そもそも車検費用のどこが安くできるのか?
車検費用を安くしたいなら、まず「何にいくら払っているのか」を分解するところから始めます。車検費用は大きく2つに分かれます。
法定費用は誰がどこで受けても同額
法定費用は「自動車重量税」「自賠責保険料」「検査手数料(印紙代)」の3つで構成され、法律で金額が定められています。国土交通省の所管する手続きであり、車検業者が独自に値引きしたり上乗せしたりすることはできません。
| 費用項目 | 内容 | 安くできるか |
|---|---|---|
| 自動車重量税 | 車両重量・車齢・エコカー減税で変動 | できない |
| 自賠責保険料(24ヶ月) | 普通乗用車で17,650円・軽自動車で17,540円が目安 | できない |
| 検査手数料(印紙代) | 受検方法で異なる(後述) | 受検方法で多少差 |
※金額は2026年時点の目安です。重量税はエコカー減税の有無や車齢(13年・18年経過で増額)によって変わります。
なお、検査手数料(印紙代)については2026年4月の改定で引き上げが行われています。軽自動車の持込検査では検査手数料と技術情報管理手数料をあわせて2,500円程度が目安です。OSS(オンライン申請)を利用すると窓口より低い水準に設定される傾向がありますが、個人で大きく変わる金額ではありません。
整備士として正直にお伝えすると、**法定費用は「下げられないもの」と割り切るのが正解です。**ここを値切ろうとしても意味がなく、エネルギーは整備費用に向けるべきです。
整備費用は業者と整備内容で大きく変わる
一方、整備費用は「24ヶ月定期点検料」「車検代行手数料」「部品・消耗品交換費用」などで構成され、業者によって、また整備内容の選び方によって大きく差が出ます。車検費用の「安い・高い」は、ほぼこの整備費用の差で決まります。

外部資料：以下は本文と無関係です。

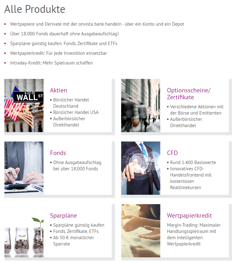 Das vielschichtige online Depot bietet ein massives Angebot an Informationen zu den ETFs, das zugeschnitten auf die unterschiedlichen Erfahrungen der Trader und auf die Anleihen ist. Demnach können Sie sich vor dem Einsatz über ETF, Futures und Optionen informieren und in wenigen Schritten Ihr Depot eröffnen. Nutzen Sie die Möglichkeit und schließen Sie ein Depot ab. Mit einem kostenlosen Onvista Depot können Sie mit wenig Erfahrungen starten und Ihre Fragen direkt an den Kundenservice stellen.
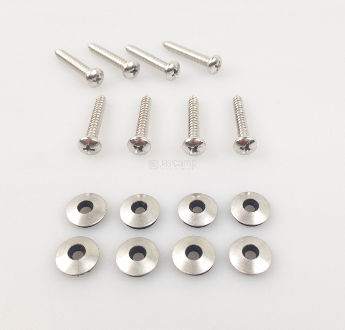 Bevestiging Set RVS schroeven met ring en rubber 8x om zonnepaneel aan hoekstuk te monteren.
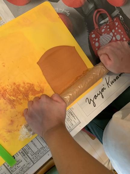 麺棒をラップでつつみ、よごれないようにねんどをのばす。
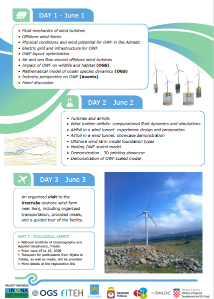 Ljetna škola predstavlja prvi dio programa (Tehnički aspekti) dok će se drugi dio, usmjeren na ekološke aspekte offshore vjetroparkova, održati u Nacionalnom institutu za oceanografiju i primijenjenu geofiziku (OGS) u Trstu:
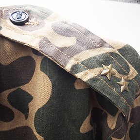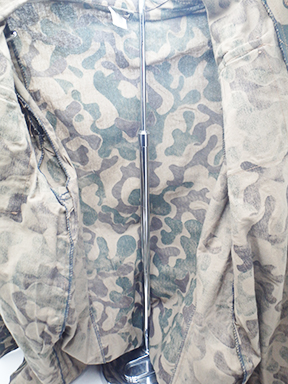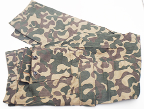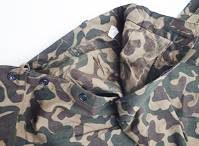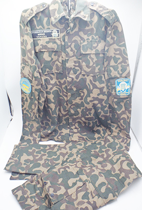 1990's Ukrainian Airborne Camouflage Shirt and Trousers. Cotton material. Has been issued with some wear from usage. Overall in good condition. Insignia is in good condition. Shirt measures shoulder to shoulder 17 inches, front chest size 19 inches, sleeve length from shoulder to cuff is 26 inches and top of the neck to the base of the shirt is 33 inches. Trousers measure 32 inches at the waist and 33 inches at the inseam.
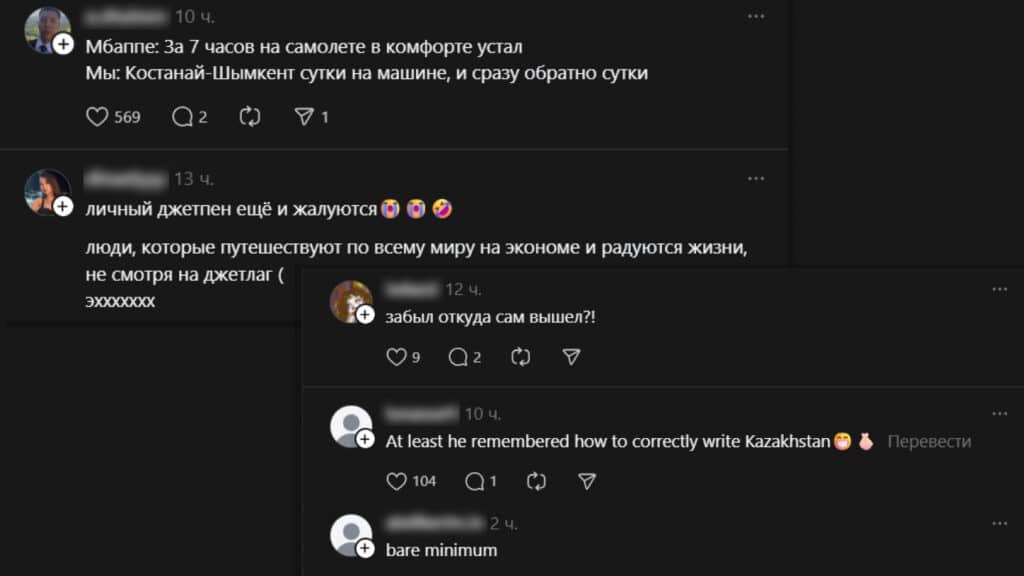 Ранее казахстанские зрители заметили, что Мбаппе часто плевался во время матча с «Кайратом» на Центральном стадионе. Некоторые потребовали оштрафовать его за «загрязнение мест общего пользования».

つまり、車検費用を安くする戦略は次の2つに集約されます。
- 整備費用が安い業者を選ぶ(または自分で受ける)
- 整備内容のうち「今は不要なもの」を削る
業者タイプごとの相場感や選び方は「車検費用の相場|ディーラー・整備工場・車検専門店の比較」で詳しく解説しています。本記事では「どう削るか」という実践的な方法に絞って説明します。
ユーザー車検なら整備費用を丸ごと削れるのか?
整備費用を最も大きく削れる方法が「ユーザー車検」です。ただし、向き不向きがはっきり分かれます。
ユーザー車検とは何か
ユーザー車検とは、車の使用者(オーナー)が自分で運輸支局や軽自動車検査協会の検査場に車を持ち込み、継続検査を受ける方法です。業者に頼まないため、車検基本料や代行手数料がかからず、支払うのは基本的に法定費用のみになります。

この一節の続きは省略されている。